Theoretical Contribution: Provides unified theoretical framework for active learning algorithms, enhancing interpretability
Practical Value: ParBaLS addresses batch selection problems in real applications
Comprehensive Experiments: Covers multiple data types and challenging settings with convincing results
Method Innovation: Novel application of pseudo-labels in batch construction

Weaknesses

Computational Overhead: Maintenance of m parallel models increases computational cost
Theoretical Rigor: Some derivations (e.g., BAIT) rely on informal approximations
Experimental Limitations: Primarily validated on relatively simple models (logistic regression)
Hyperparameter Sensitivity: Insufficient analysis of m selection trade-offs between performance and computation

Impact

Theoretical Impact: Provides new theoretical perspective for active learning, potentially inspiring future research
Practical Value: ParBaLS method has direct application value, especially in batch annotation scenarios
Reproducibility: Open-source code provided for easy reproduction and extension

Applicable Scenarios

High-Uncertainty Tasks: Tabular data and subgroup shift scenarios with irreducible uncertainty
Batch Annotation Requirements: Real applications requiring batch rather than individual annotation
Bayesian Settings: Models and tasks capable of Bayesian inference

References

This paper cites important literature in active learning, including:

Classical uncertainty sampling methods (Lewis, 1995)
Bayesian active learning methods (Houlsby et al., 2011; Gal et al., 2017)
Batch active learning methods (Kirsch et al., 2019, 2023)
Expected error reduction methods (Roy and McCallum, 2001; Mussmann et al., 2022)
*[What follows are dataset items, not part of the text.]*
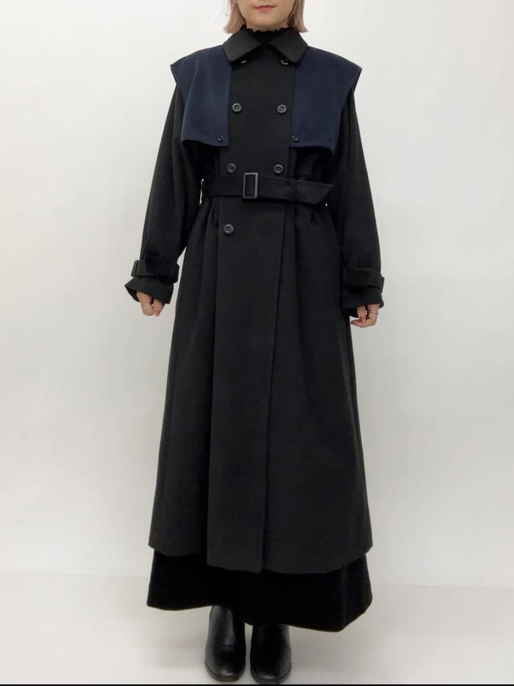mintpinkのチェスターコート「バイカラーケープフェイクウールロングコート」を使ったコーディネート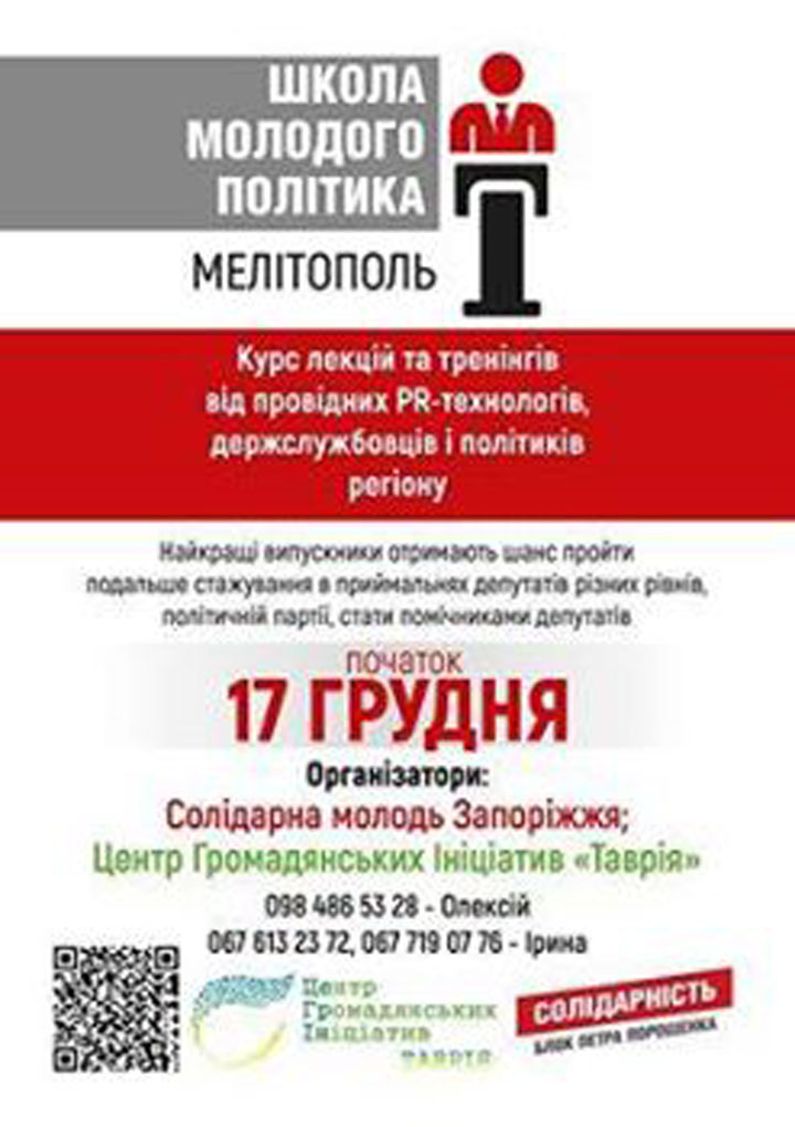 17 декабря в Мелитополе стартовала "Школа молодого политика", организатором которого выступила общественная организация "ЦеГрін "ТАВРІЯ".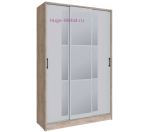 Недорогой шкаф купе шириной 140 см и высотой 220 см с тремя раздвижными дверьми и зеркалом. Внутри шкафа стационарная штанга и отсек с полками. Зеркала с фацетной обработкой. Компактный шкаф-купе выпускается фабрикой в нескольких цветовых решениях, в том числе в декоре под дерево дуб крафт серый со светло-серым фасадом.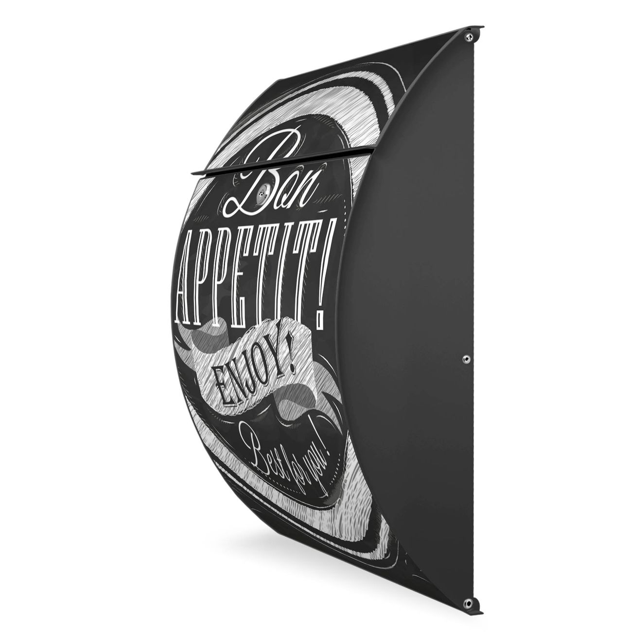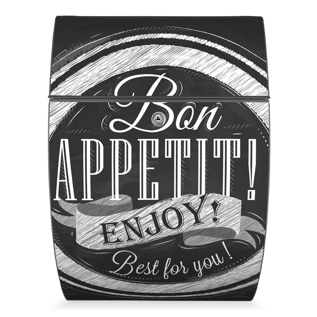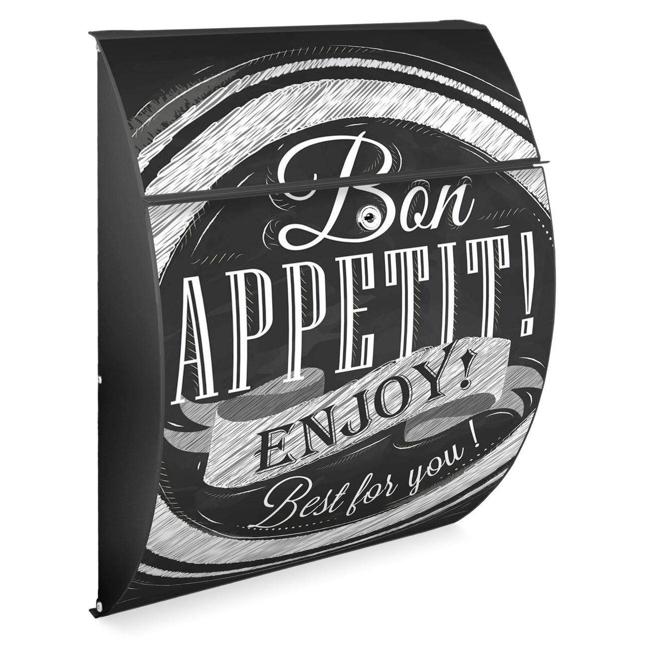 FUNKTION: DESIGN: Das Modell Riviera mit Motiv Bon Appetit hat ein sehr ansprechendes und zeitloses Design. Heben Sie Sich von der tristen grauen Masse ab, ohne auf Funktionalität zu verzichten. Der integrierte Öffnungsstopp ermöglicht eine einfache Handhabung beim Entnehmen der Post. DETAILS: Der Postkasten besteht aus vollflächig verzinktem Stahl welcher in Anthrazit lackiert wurde. Das Motiv besteht aus einer wetter- und UV-festen Folie, die mit einem Schutzlaminat überzogen ist, durch die Ihren Briefkasten zusätzlich vor Kratzern geschützt ist. Sie erhalten 2 Schlüssel sowie das passende Montagematerial. NUTZEN: Sie können den Briefkasten sowohl als Wandbriefkasten montieren oder einen passenden Ständer kaufen und als Standbriefkasten einbetonieren. Die Größe bietet genügend Platz für Sendungen aller Art, der Einwurf fasst auch größere A4 Sendungen. BANJADO: Ihr Briefkasten wird in Sachsen in einer kleinen Manufaktur von Hand veredelt. Die Motivfolie ist lösungsmittelfrei und schutzlaminiert, dies sorgt für einen langen Halt. Wir legen großen Wert auf die Verbindung von Funktionalität und Design. Sie erhalten Handarbeit aus Sachsen.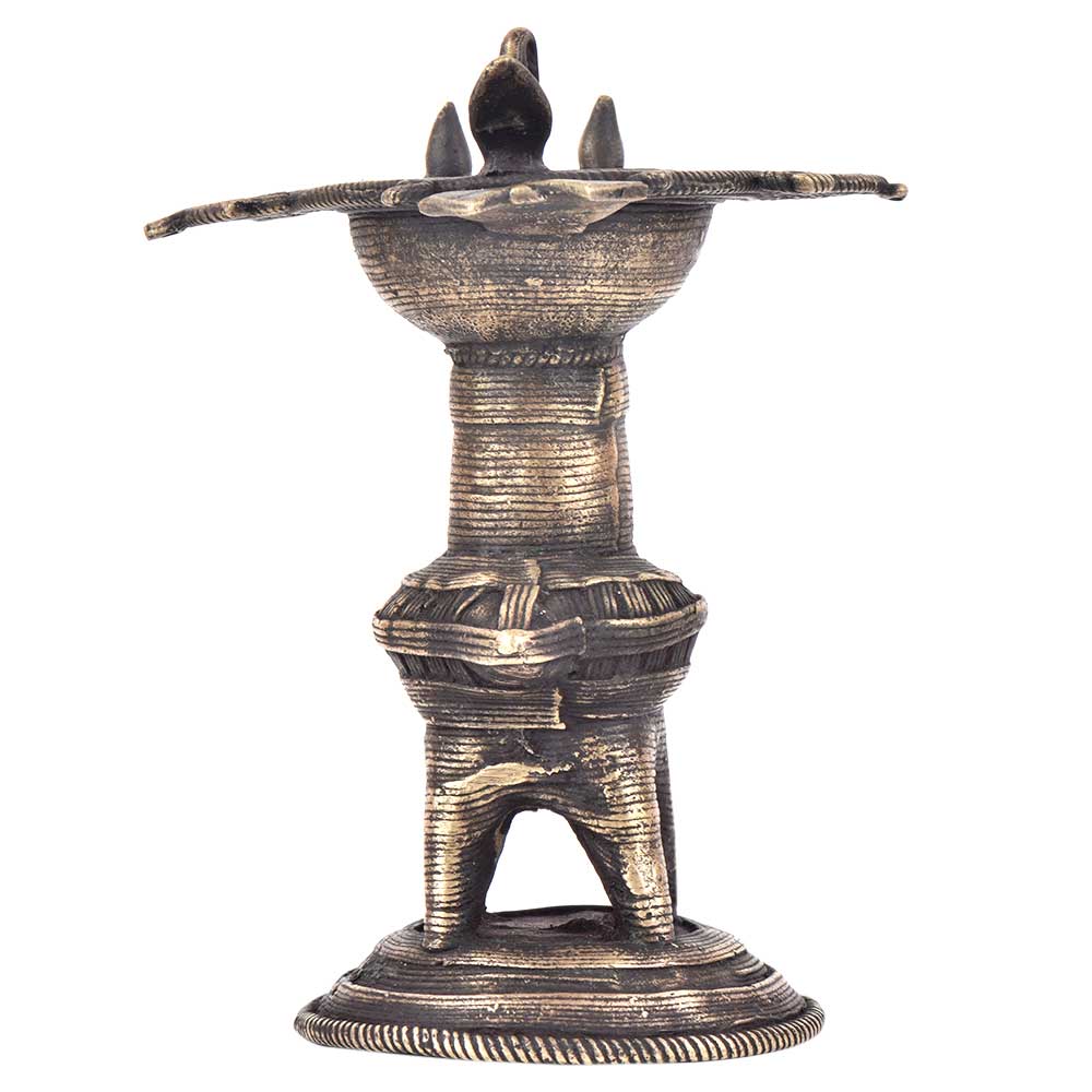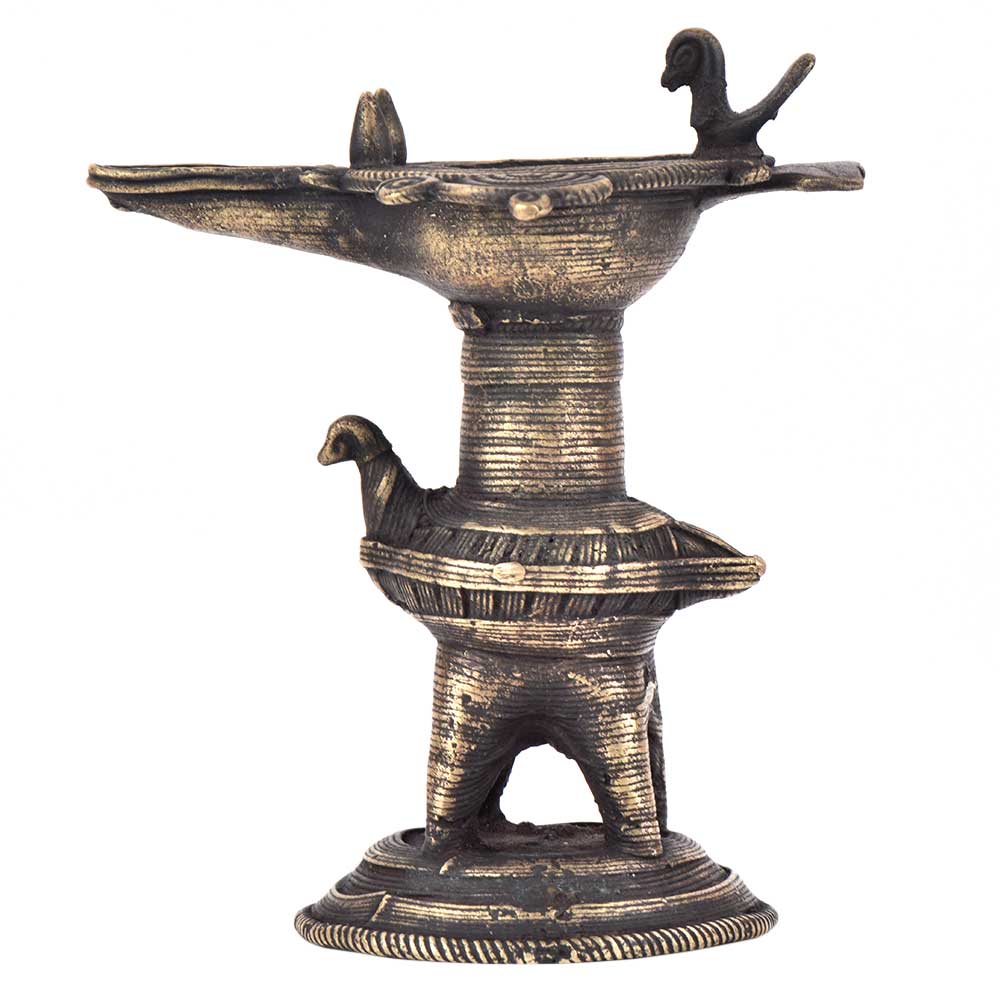 Handcrafted using old lost wax technique primarily practiced in Orrisa and West Bengals by the local or tribal artisans. In this technique the molten wax is poured into desired clay mould and when the wax melts the clay is broken and we get the desired metal object which is further polished to perfection. The Deep Cup Can Be Filled with Oil and Light a Cotton Wick. Diyas/ Oil Lamps are Considered Auspicious as in Hindu Religion. It is detailed with Elephant and Peacock Animals with Beautiful Details.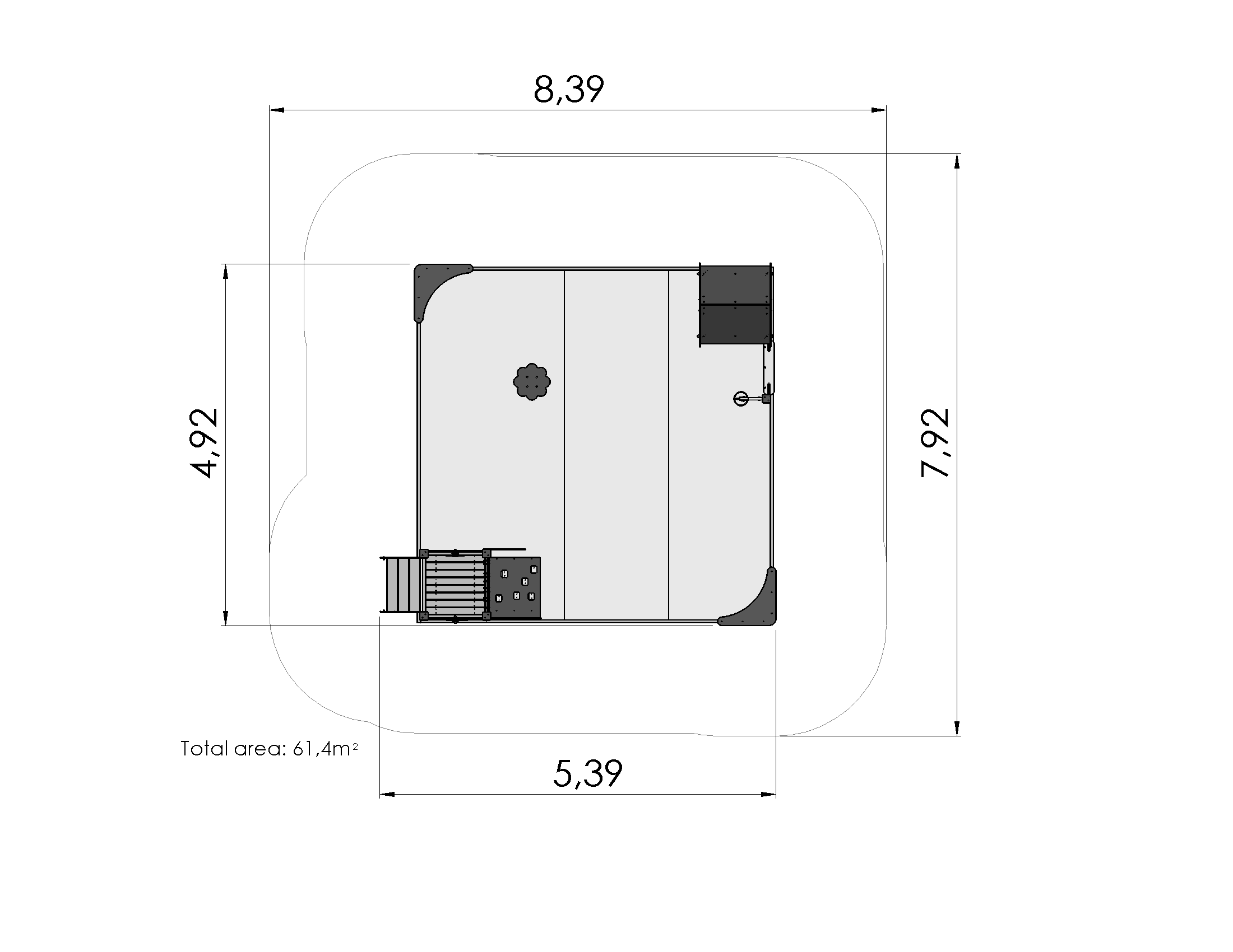 Produkten är utvecklad för lekplatser, förskolegårdar och andra offentliga utemiljöer där utrustningen behöver tåla regelbunden användning över tid. Modellen kombinerar flera lekmoment och ger barn möjlighet till varierad aktivitet, samspel och motorisk utveckling. Mått enligt specifikation: cirka 5,39 x 4,92 x 2,61 m. Rekommenderad ålder: 1+. En hållbar lösning för långsiktig drift och trygg användning i offentlig utemiljö.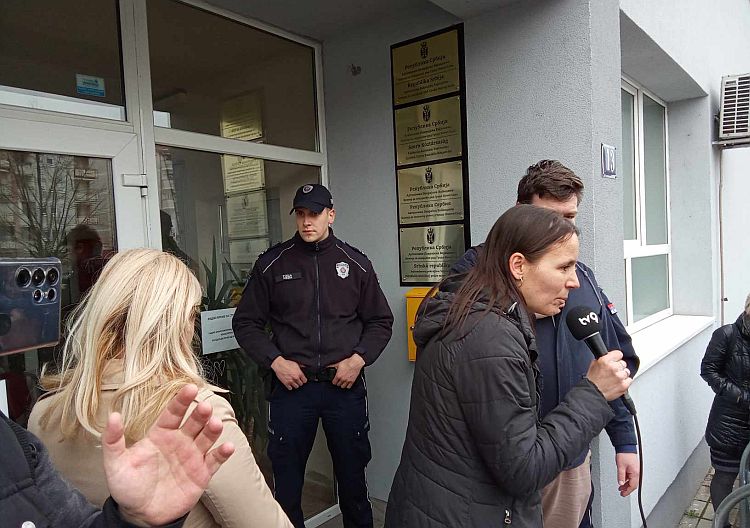 Predstavnici demonstranata, koji su ušli u dvorište Centra, obratili su se javnosti, a policajci obezbeđuju vrata objekta.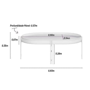 Espessura da Estrutura do Tampo - 18 Tipo de Formato Tampo da Mesa - Tampo Oval Tipo das Quinas do Tampo da Mesa - Bordas Arredondadas Tipo dos Pés - Pés Metálicos Quantidade de Pés - Móvel possui 4 pés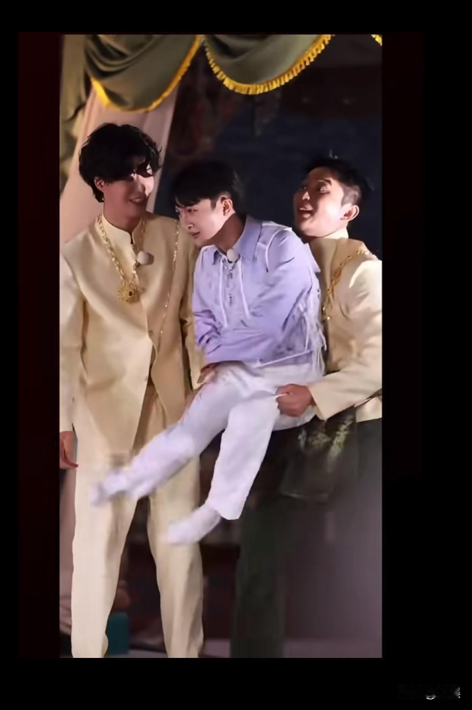 周深被大黑牛拎起来的瞬间感觉腿都不是他自己的了哈哈哈😹周腿太细了,拎起来感觉像假腿一样… 跟这俩大高个在一起,显得深深好迷你一只,晨哥好轻松就把他提起来了😂…所以说,当一只猫不想被抱起来的时候,就怎么都抱不起来。周深 周深身材比例 大黑牛 范丞丞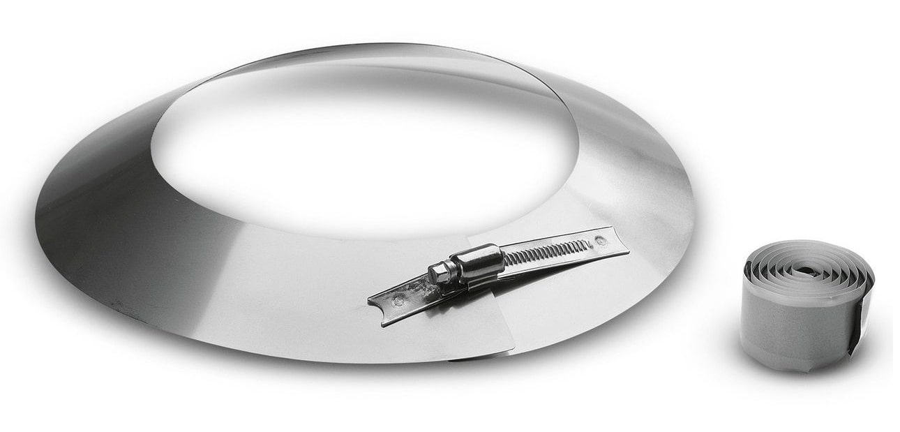 Kryt proti dešti/nástěnná rozeta na kouřovod s izolační páskou pro vysokotlaké čističe.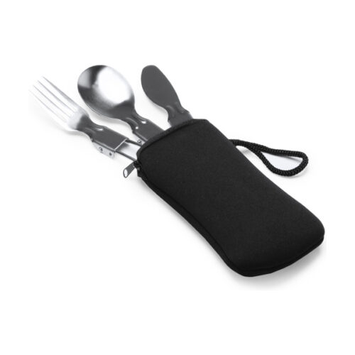 Ruostumattomasta teräksestä valmistettu kokoontaitettava aterinsetti käytännöllisessä neopreenikotelossa. Sisältää haarukan, veitsen ja lusikan.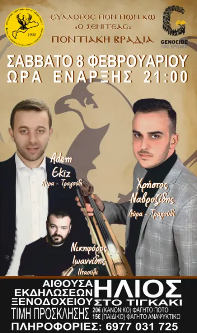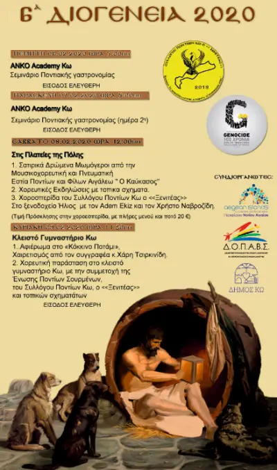 Ο Σύλλογος Ποντίων Κω «Ξενιτέας» συμπληρώνοντας 30 χρόνια από την ίδρυσή του και συνεχίζοντας την προσφορά στα πολιτιστικά δρώμενα του τόπου μας, διοργανώνει τα ''ΔΙΟΓΕΝΕΙΑ 2020'', από τις 6 έως τις 9 Φεβρουαρίου του 2019.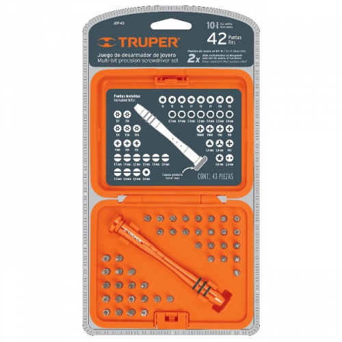 Набір викруток прецизійних TRUPER JOY-43 з бітами в наборі. Біти виготовлені з хромо-ванадієвої сталі, що забезпечує тривалий термін експлуатації. Магнітний тримач біт надійно утримує біту та дозволяє якісно виконати роботу. Алюмінієва ручка для більшої надійності та якісного виконання роботи. Відсік для зберігання вставок всередині ручки для більшого комфорту.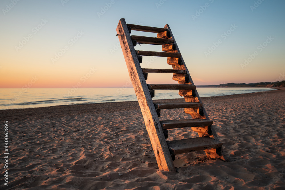 Stairs buried in the ground on the beach, Labrags, Latvia.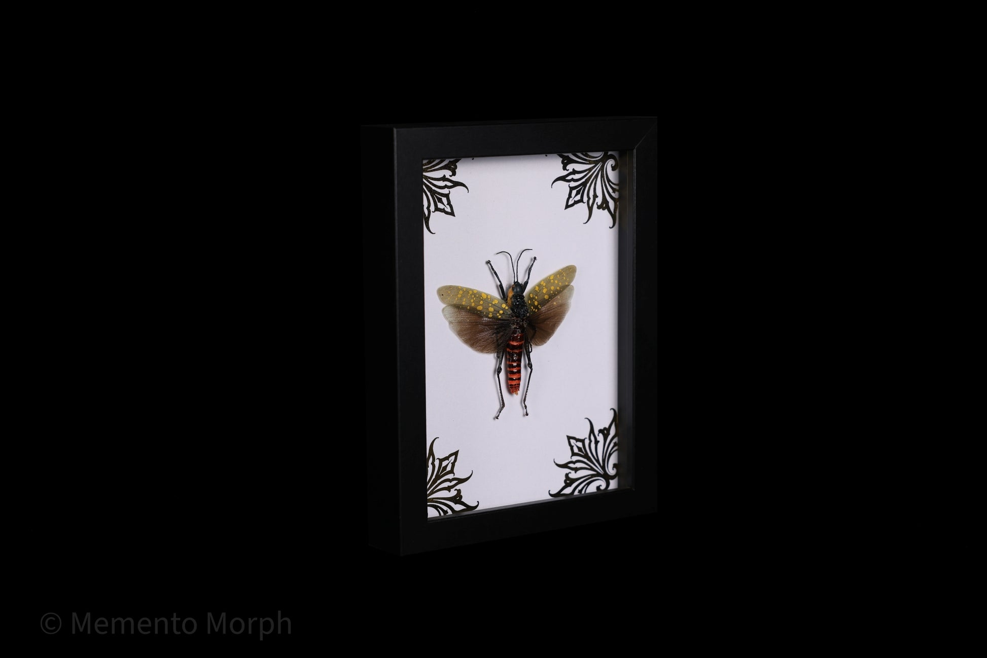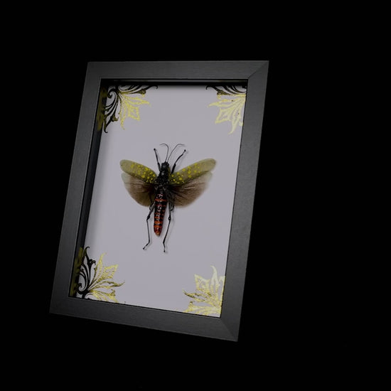 Aularches Punctatus - also known as the Coffee Locust or Foam Grasshopper, mounted against a white background with gold ornaments.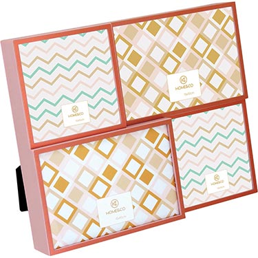15391 :: PORTA-RETRATOS HOME&CO VERSALIUS 4 FOTOS ALUMÍNIO 27x21x4cm ROSA

Overall Assessment: This is an important paper with significant theoretical and practical value in active learning. By unifying existing algorithms through MBDT and proposing ParBaLS to address batch selection problems, it provides new research directions for the field. While improvements in computational efficiency and theoretical rigor are possible, its contributions are substantial.